A January 29th report from Barclays Equity Research suggests that investors are focusing too much on the bleeding in the energy sector from the huge drop in crude prices, and not enough on the major benefits to consumers (and consumers good producers) that can be expected from an additional $1.6 trillion in income in 2015 due to lower oil prices
Barclays analysts Ian Scott and colleagues argue that investors are too negative, and that the consumer discretionary sector currently represents a good buying opportunity. They note: “This [investor focus on the energy sector] suggests a “glass half empty” approach reflecting the negative side of a possible $1.6 trillion transfer of income from oil producers to oil consumers, but not yet the potential benefits.”
Crude oil plunge could result in $1.6 trillion wealth transfer in 2015
The Barclays report notes that if crude prices stayed at around $50 a barrel throughout 2015, this would imply a reduction of expenditures on oil from around 4% to 2% of global GDP. When you do the math, that ends up as a transfer of $1.6 trillion from “oil producers” to “oil consumers”.
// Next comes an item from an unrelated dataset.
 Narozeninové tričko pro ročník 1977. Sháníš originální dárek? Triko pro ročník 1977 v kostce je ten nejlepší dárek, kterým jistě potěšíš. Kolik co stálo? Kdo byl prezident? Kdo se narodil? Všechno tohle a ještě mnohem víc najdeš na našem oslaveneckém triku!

Moreover, lower oil prices actually offer a “double whammy” positive economic effect in that most products are cheaper to produce and consumers have a good bit more cash in their pockets to spend because of lower gas prices and utility bills.
Consumer discretionary sector undervalued
Scott et al, highlight that, in valuation terms, “the consumer discretionary sector has been materially de-rated relative to the oil producers and now trades on a discount for the first time since 1999.”
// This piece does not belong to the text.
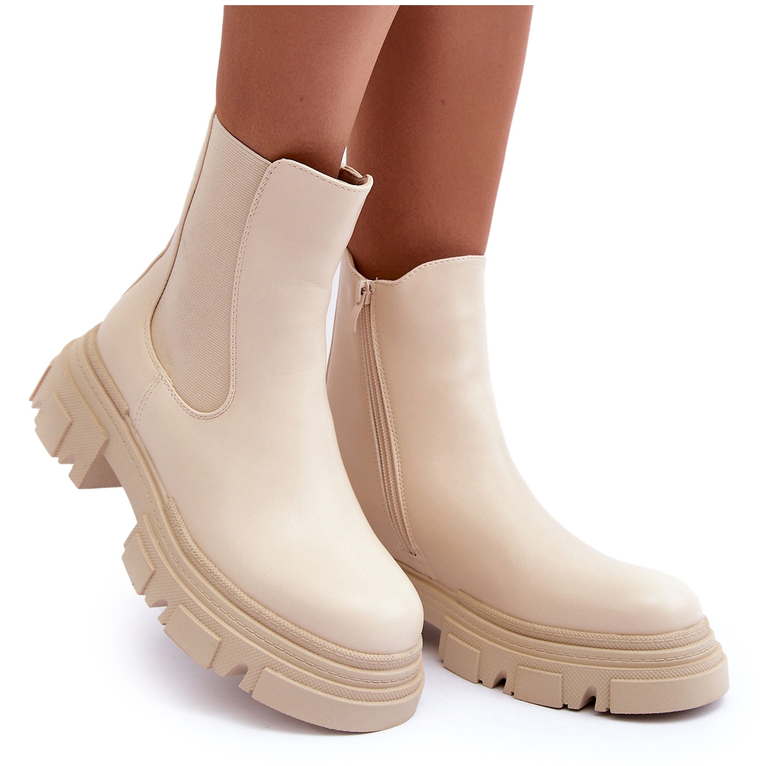 Inna marka Leder-Chelsea-Stiefel mit flachem Absatz und Plateau, hellbeige Solita

As can be seen in Figure 6, returns for oil producers have been very poor, yet oil consumers have not enjoyed a corresponding rally as oil prices have dropped.
They elaborate that the declines in oil producers’ earnings have outpaced the declines in their stock prices, so the sector has in fact been re-rated, from 12.5 at the end of July to 15.7 times currently. That said, the forward multiple for the global consumer discretionary sector has not budged at 15.5. The market is therefore priced for a bump up in earnings for the oil producers, but not for the expected improvement in discretionary consumer spending described above.
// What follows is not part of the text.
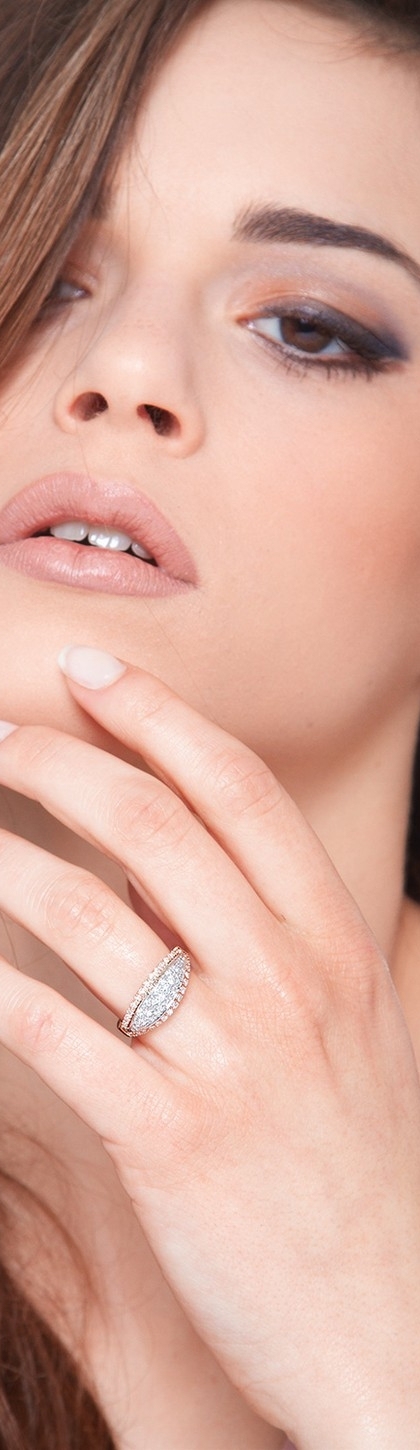 Anello da Donna in Oro bianco e rosa 18k, con incastonati nella parte centrale e sui bordi diamanti taglio brillante colore G e purezza Vs.

Furthermore, as Figure 7 makes clear, the consumer discretionary sector is trading at a 1% discount to the global energy sector, far off of its historical 31% premium.
Of note, the world’s 50 largest consumer discretionary and transportation stocks as a group have seen no improvement in earnings or share prices since mid-summer. The Barclays analysts note: “This seems inappropriate given the prospect that discretionary consumer spending accelerates in a lagged response to lower oil prices.”